Elastography appears to be a more sensitive measurement for detecting tissue fractionation in the early stage of the histotripsy treatment compared with another imaging feedback metric, backscatter reduction [9], [10]. This is supported by results from visual inspection (Fig. 3 and Fig. 6) and CNR measurements (Table II). The capability of detecting minor damage at the beginning of the treatment is extremely helpful for histotripsy because it allows for precise targeting, analysis, and optimization of the treatment parameters.

In addition to higher sensitivity, elastography can compensate for some discrepancy of the feedback with backscatter reduction in vivo. Our experience in the in vivo studies has shown that the backscatter reduction is apparent during and within several minutes after the treatments. The backscatter intensity may increase again several minutes later, possibly because the blood coagulated in the treated volume. In this situation, the lesions may still be detectable with elastography because the newly formed blood clot is likely much softer (Young’s modulus ~2 kPa [59]) than normal tissues.

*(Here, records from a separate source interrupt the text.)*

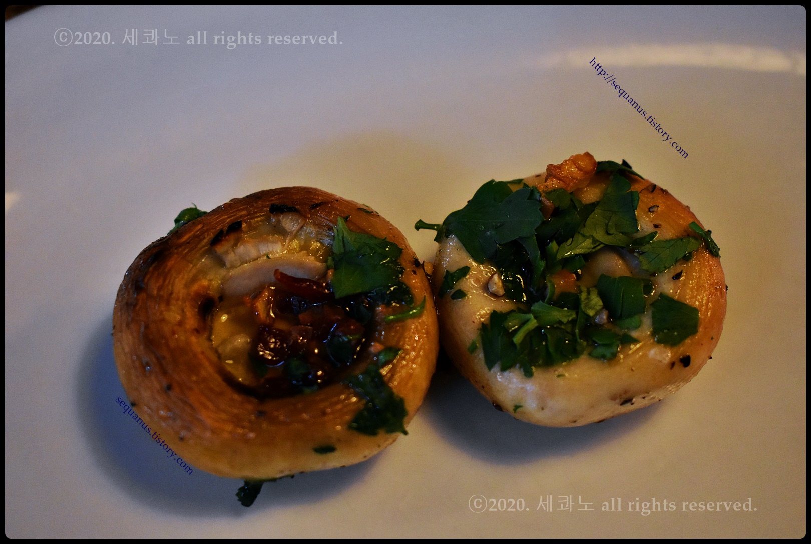 양송이버섯 안에 초지로 햄이 들어가 있고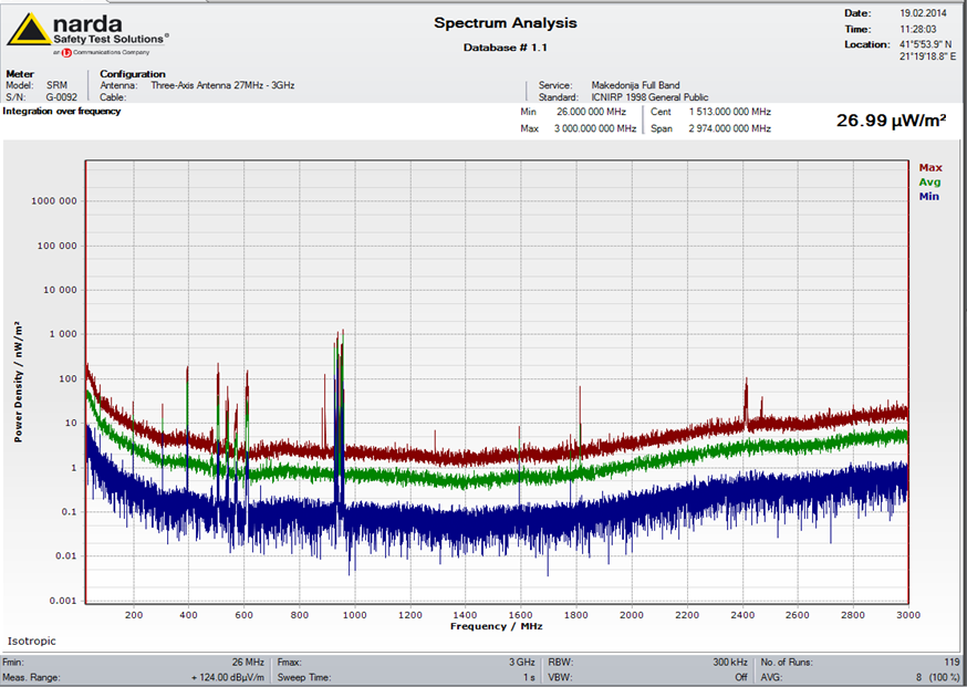 Заклучок: Од добиените резултати може да се заклучи дека максималната изложеност на нејонизирачки зрачења е помала од пропишаните гранични вредности.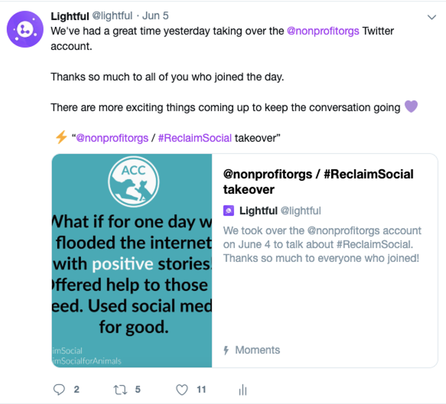 The display name twitter account was changed to ‘#ReclaimSocial/@nonprofitorgs’ that morning to reflect the takeover and lots of people and organisations got involved to share their own stories on how we can ‘#ReclaimSocial’. In the spirit of spreading positivity, let us share with you our own tips on running a successful Twitter takeover for your charity!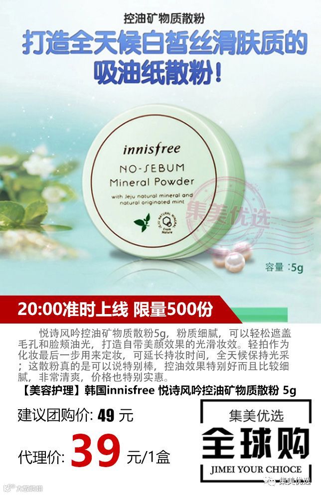 悦诗风吟控油矿物质散粉5g,粉质细腻,可以轻松遮盖毛孔和脸颊油光,打造自带美颜效果的光滑妆效。轻拍作为化妆最后一步用来定妆,可延长持妆时间,全天候保持光采;这散粉真的是可以说特别棒,控油效果特别好而且比较细腻,非常清爽,价格也特别实惠。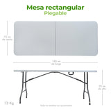 MESA PLEGABLE PARA EVENTOS BLANCA TIPO PORTAFOLIO 1.8m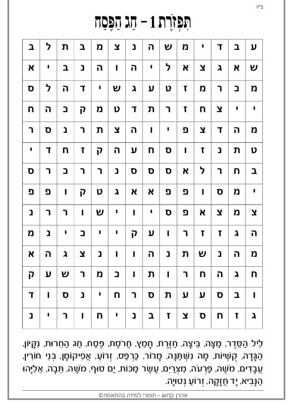 הנושאים שנלמד – שמות החג והמשמעות שלהם, איסור אכילת חמץ וכו'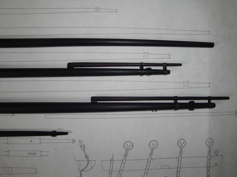 no i przyszedl czas na ostatnie kawalki drewna; wystrugalem dolne reje (material to heban). Teraz juz nic mi nie pomoze i trzeba sie bedzie zabrac za bloczki, linki i supelki.

The Young’s moduli measured with shear wave elastography corresponded well with those measured with the elastometer. These measurements are also comparable to several results reported in the literature. For instance, the Young’s modulus of the tissue phantoms measured in this study is comparable to that reported in [60] (20 to 30 kPa). The Young’s modulus of the ex vivo kidney cortex is comparable to results from [61]–[63] (20 to 40 kPa), although higher than results from [64], [65] (7 to 15 kPa). Measurement errors in the Young’s modulus reported here may occur because of violations of assumptions in (1), i.e., the medium being isotropic, non-dispersive, and locally homogeneous. The tissues are generally dispersive, which causes higher frequencies to travel faster. The present work estimated the elasticity based on the group velocity of the shear waves, which contain a wide band of frequencies (center frequency = 130 to 220 Hz, −15-dB frequency band = 30 to 500 Hz). Therefore, the estimated elasticity could be higher than that estimated at a single lower frequency (e.g., 90 Hz in [65]). This effect has also been discussed by other researchers [44]. In addition to dispersion, the anisotropic nature of the renal cortex could cause direction-dependent measurements [64]. Furthermore, heterogeneities introduced at the lesion boundaries could also cause measurement errors. Despite these influences, the decreasing trend of the elasticity should hold during histotripsy treatments, serving as a good indicator of the tissue softening process.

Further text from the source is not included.